I’m up most weekday mornings around 5 AM ET, which somehow makes me the sleepy head of the household as everyone else is either getting ready for work or either out the door. Regardless, I have a pretty set system before making the trek from Long Island into Manhattan: force myself out of bed, go to the gym, come home, clean up, get on the train.
As I was forcing myself awake this morning I turned on ESPN, which is generally a mistake, to find out that they were showing a replay of a Mariners, Athletics game. No highlights from last night? Really?
It was only when I achieved total consciousness that I realized that this wasn’t a replay, but the first game of Major League Baseball’s regular season between Oakland and Seattle, being played in Japan.
I have some issues with this.
First of all, the league couldn’t have done a worse job marketing this game, which is par for the course. Had I not haphazardly turned on the television, there is no way I would have realized the 2019 season was underway until I saw the highlights start rolling in.
The Mariners won 9-7, by the way, in case you were wondering.
If this was the NFL or NBA, we’d be seeing long-form segments with movie-star narrations on ESPN or commercials every other six minutes two months leading up to this game. Just look at the production value on some of these TV spots advertising a regular-season basketball game. It’s incredible.

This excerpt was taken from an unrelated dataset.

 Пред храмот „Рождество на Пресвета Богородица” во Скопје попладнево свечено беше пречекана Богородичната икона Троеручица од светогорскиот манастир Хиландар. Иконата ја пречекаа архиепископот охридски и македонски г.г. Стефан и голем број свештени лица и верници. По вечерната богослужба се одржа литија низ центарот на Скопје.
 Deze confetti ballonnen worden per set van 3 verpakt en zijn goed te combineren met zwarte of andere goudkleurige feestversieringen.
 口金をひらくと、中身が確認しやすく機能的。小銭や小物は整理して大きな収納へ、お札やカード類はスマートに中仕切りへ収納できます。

Yet baseball — our national pastime — continues to make little to no efforts to market 90-percent of its teams and a majority of its stars. I should be seeing images of Mike Trout and Mookie Betts on every street corner in New York City.
Instead, I’m stumbling upon the first game of the season at 5:15 in the morning.

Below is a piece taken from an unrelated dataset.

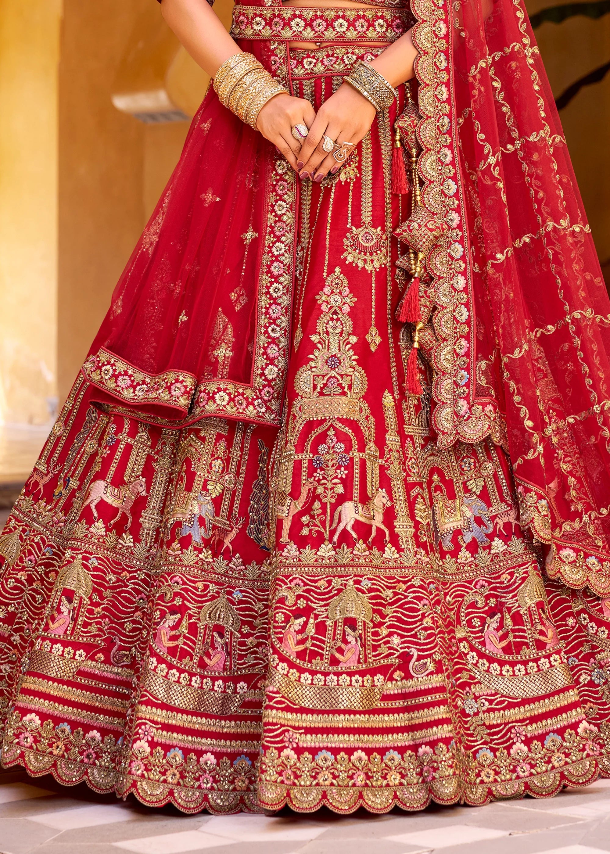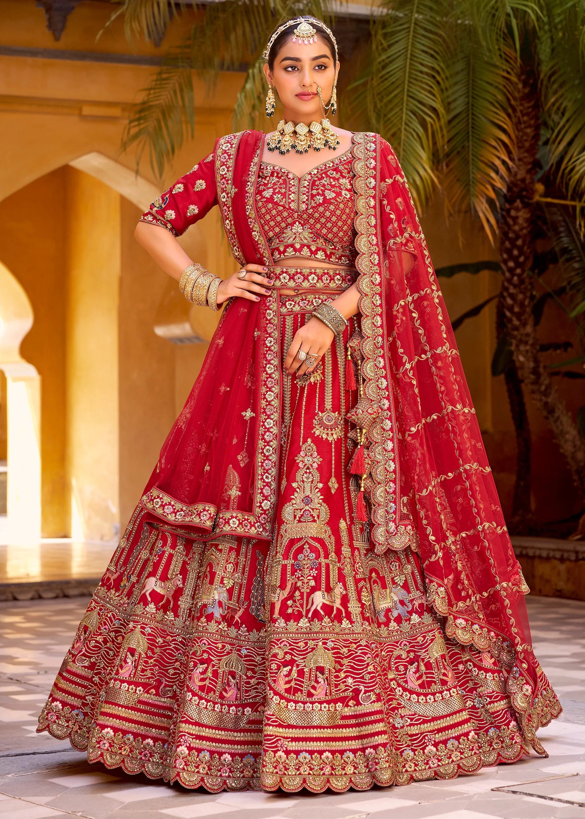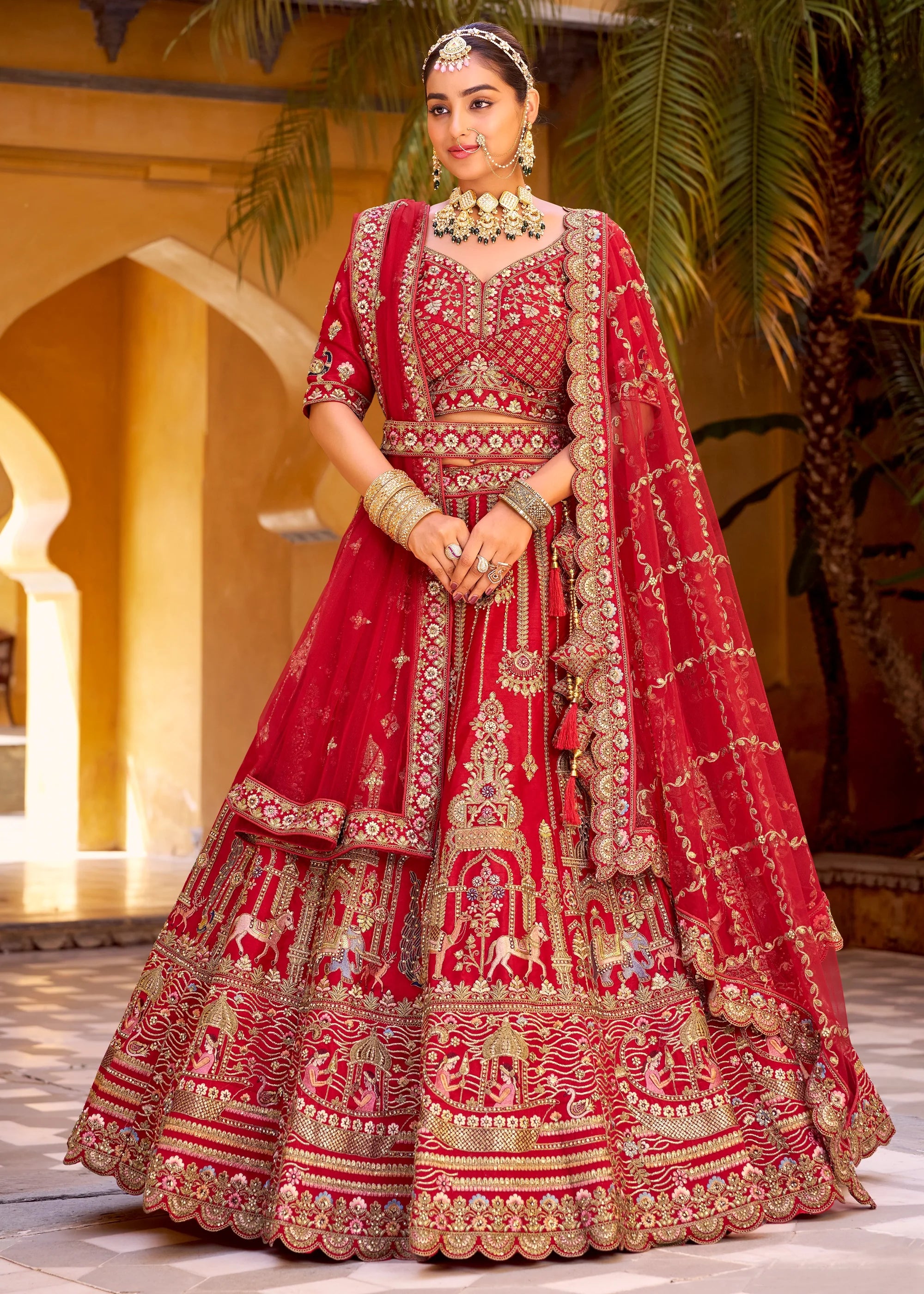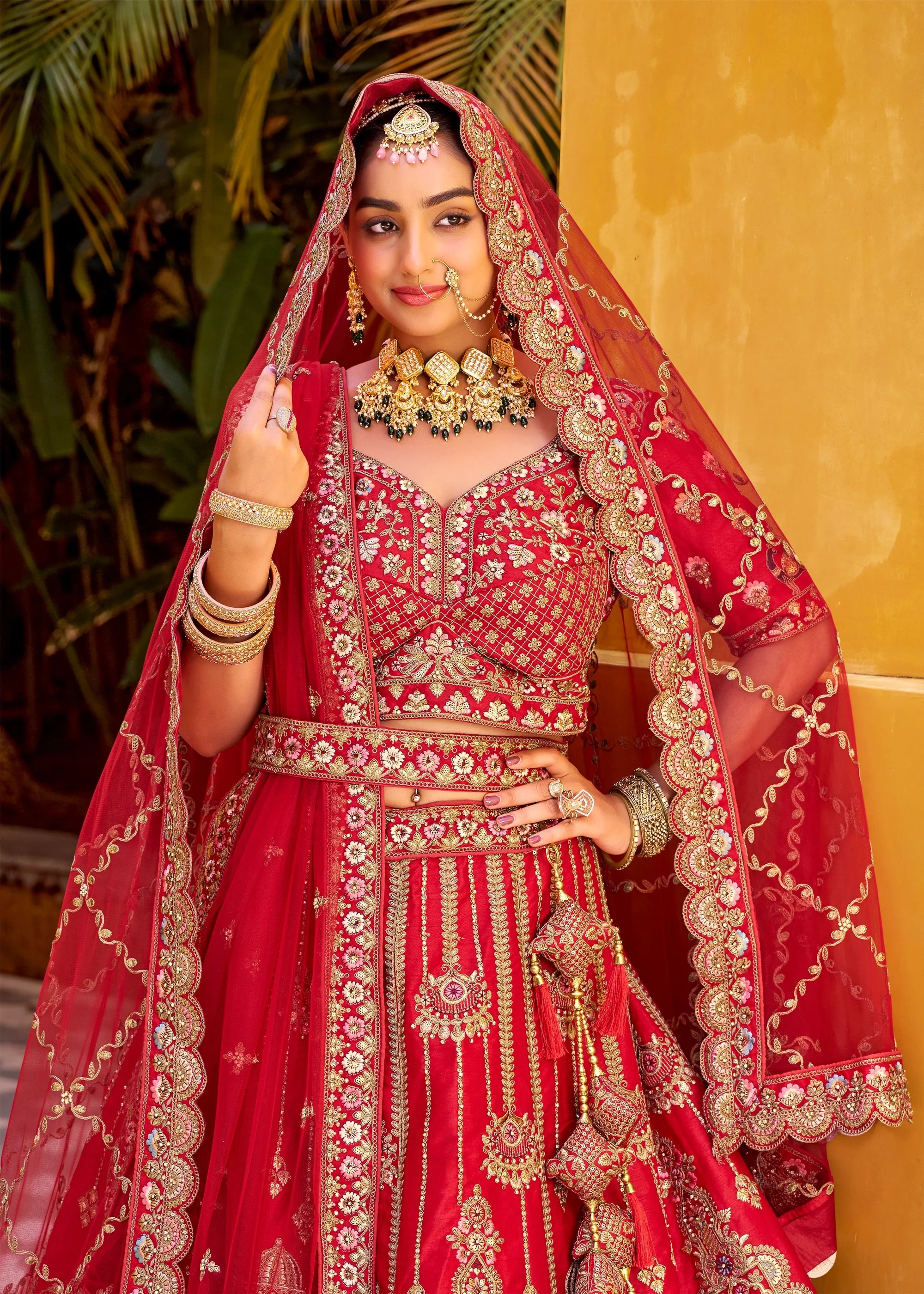This is soft silk bridal lehenga choli featuring intricate embroidery with zari, resham, stones, and mirror work. The ensemble includes a matching choli and a double dupatta, creating a stunning and traditional look.

And talk about alienating a majority of the fan base with this. Major League Baseball sent two west-coast teams over to Japan for this two-game series in the Mariners and Athletics, meaning fans had to wake up at 2:30 AM PT just to see their favorite teams start the season.
Plus, there’s just something sacrilegious about starting an MLB season in Japan, a baseball-wild country that has a league of its own to enjoy.

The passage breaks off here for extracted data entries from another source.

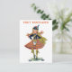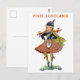 Anyone would love to receive this cute vintage travel postcard featuring a colourful retro illustration of a Scottish woman wearing a traditional kilt costume in Scotland!
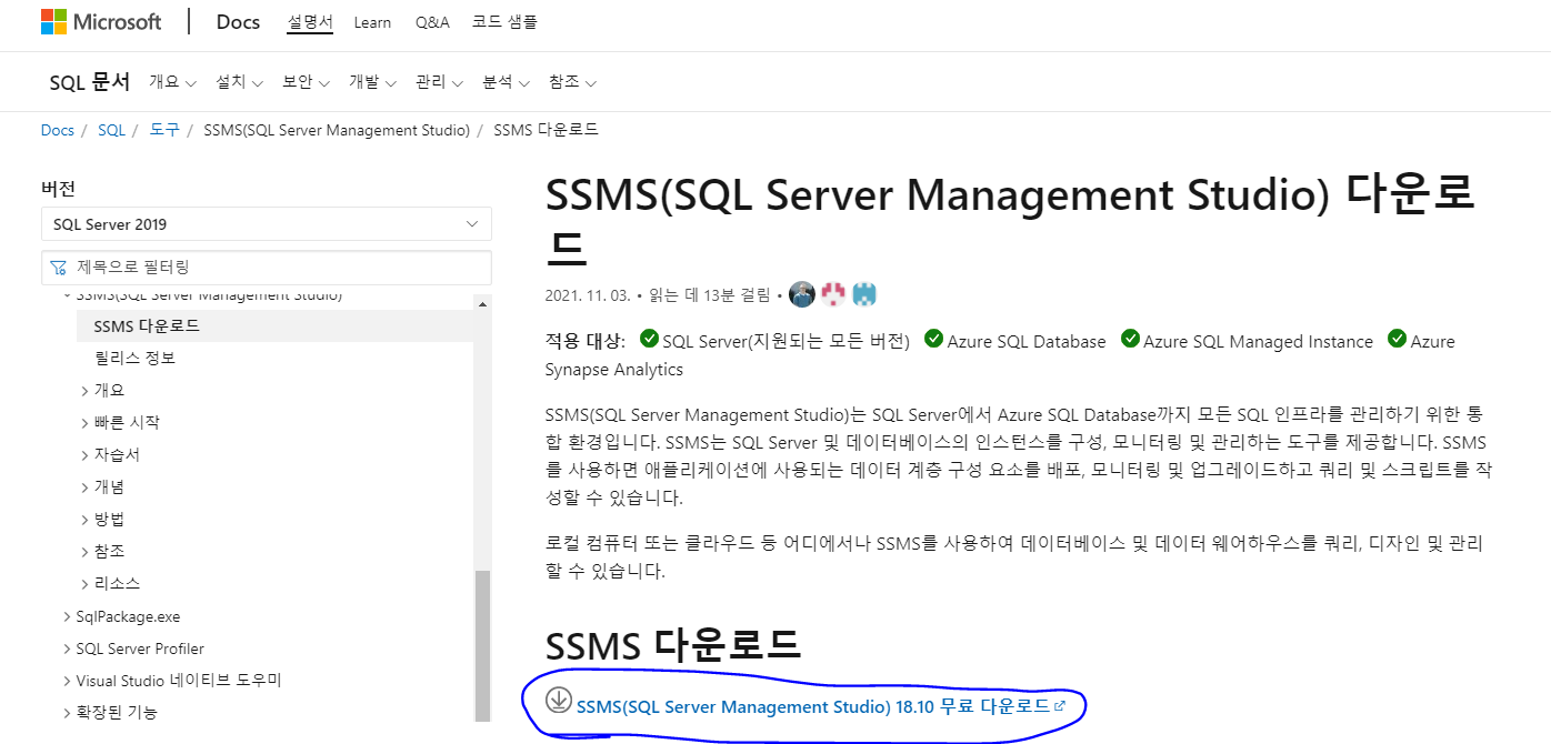 https://docs.microsoft.com/ko-kr/sql/ssms/download-sql-server-management-studio-ssms?view=sql-server-ver15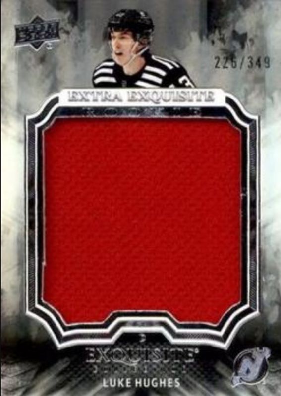 The Luke Hughes 2023 Upper Deck Black Diamond #ECER-LH Exquisite Collection Extra Exquisite Rookies /349 card is 1 of 72 Luke Hughes' card variations in the 2023 Upper Deck Black Diamond set being tracked by Sports Card Investor, including Base /349, Red /75, Blue /25, Pure Black Auto /25, and Green /10.

Major League Baseball has done this before. In fact, starting in 2000, they opened the regular season in Japan ever four years until 2012. In 2014, they took the Los Angeles Dodgers and Arizona Diamondbacks and banished them to Australia to start the season.
I understand if there is a feeling of need to grow the game of baseball and increase its international presence much like the NFL and NBA have done over the years. However, it should be an exhibition game or any other regular-season series from April to July before the All-Star break. We don’t need second-half games, which carry a little more clout, being shipped away from the States forcing teams to lose out on valuable home games.
Opening Day is just too sacred.
Look, if archaeologists or anthropologists 2,000 years from now stumble upon the ruins of the United States and attempt to study its culture, I believe there will be four things that will be seen as the country’s greatest contributions:
1) The Constitution
The game was created here, perfected here, grown here. It’s just not right going to another country and placing one of the most hallowed days in sports, Opening Day, overseas. That’s right, Opening Day should be a national holiday, but that’s another column for another time.
I’m a firm believer that Opening Day should feature just one game, which the league got right at least in this instance. However, every single year, it should be held in Cincinnati.
Yes, especially this season.
Cincinnati is one of the most historic baseball cities in the United States and the Reds are celebrating accordingly, marking the 150th anniversary of professional baseball in the Queen City.
The Cincinnati Red Stockings, founded in 1866, became baseball’s first all-professional team in 1869 where they boasted some of the game’s first pioneers in brothers George and Harry Wright. The Red Stockings won 130-consecutive games from 1869-1870 before a loss to the Brooklyn Atlantics saw ticket sales drop so low, the team was forced to dissolve.
The original Wright brothers took the name Red Stockings, moved to Boston and started a new club there. That team now is the Atlanta Braves.
Five years later in 1876, a new version of the Red Stockings returned to Cincinnati and became a charter member of the National League only to disband three years later. They once again returned to the American Association in 1882 before jumping back to the National League in 1890 where they’ve remained.
Acknowledging its historical importance to the game, the powers that be always made sure that the first pitch of the new baseball season from 1876-1989 was thrown in Cincinnati (if there was a team). For some reason.
It’s only fitting to kick off the season in Cincinnati once again, even if it’s just for this year.